# Clipping a Dairy Goat for Show



## Scottyhorse (Feb 11, 2013)

So, this has probably been asked a lot, but I couldn't find anything on Google. I am going to be showing one or two Nigerian Dwarf's in Fit and Show and possibly Breeders show. 
So, what clipper size do I use, and where do I shave?
Also, how long before the show do I shave?


----------



## LamanchaAcres (Jan 11, 2013)

Well idk if its different sizes for Nigerians but we have Lamanchas that we show. 
If your does in milk you shave her whole body and udder. If its cold were you live then make sure its a bigger blade so theres a little more hair to keep them warm. (we use a cattle blade on our Lamanchas but dont know the size on the top of my head) Ours are spoiled they get human jackets that we buy from thrift stores, lol. On our lighter colored goats we shave them about 10 - 14 days prior to show that way they blend in and dont look choppy when it comes to show time. And on our darker goats we shave about 8-12 days, to also blend in.


----------



## francismilker (Oct 22, 2011)

As LamanchaAcres said, do it at least a week prior to showing. I use a #10 blade on Andes clippers and do a total body trim including all of the tail except for about a 2" whip on the end. 
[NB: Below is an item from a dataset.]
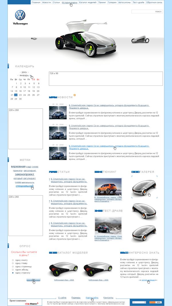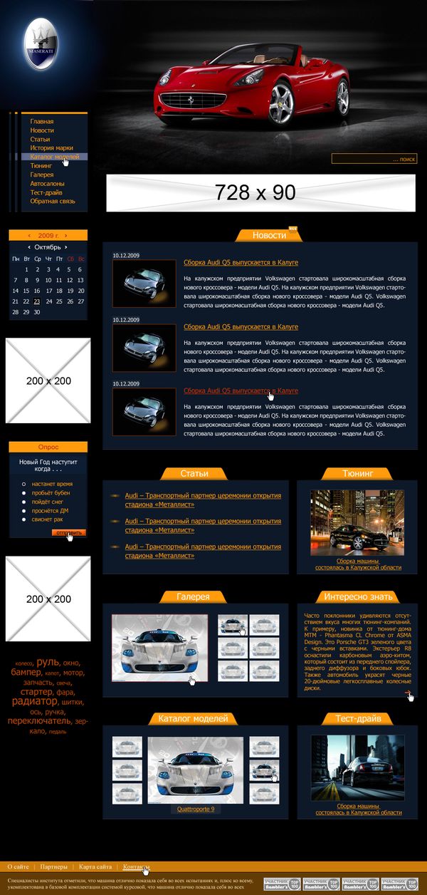 Скопилось более десятка макетов которые разрабатывались под автомобильные сайты портального типа. Каждый под конкретную марку.

When you're doing the clip job, it will freak you out and you'll think it's way too short. Within a few days, and especially after a good shampoo it will start to blend in really well. There will normally be a lot of dandruff looking dry skin flaking off. I actually use cheap conditioner and give them a total rub down and leave it on to soak in. Then, a couple of days later I give them another shampoo to remove the flakes and greasiness of the conditioner. 

On the udder, I clip with the 10 blade first and then shave it with a bic razor and shaving cream to get it skin close.


----------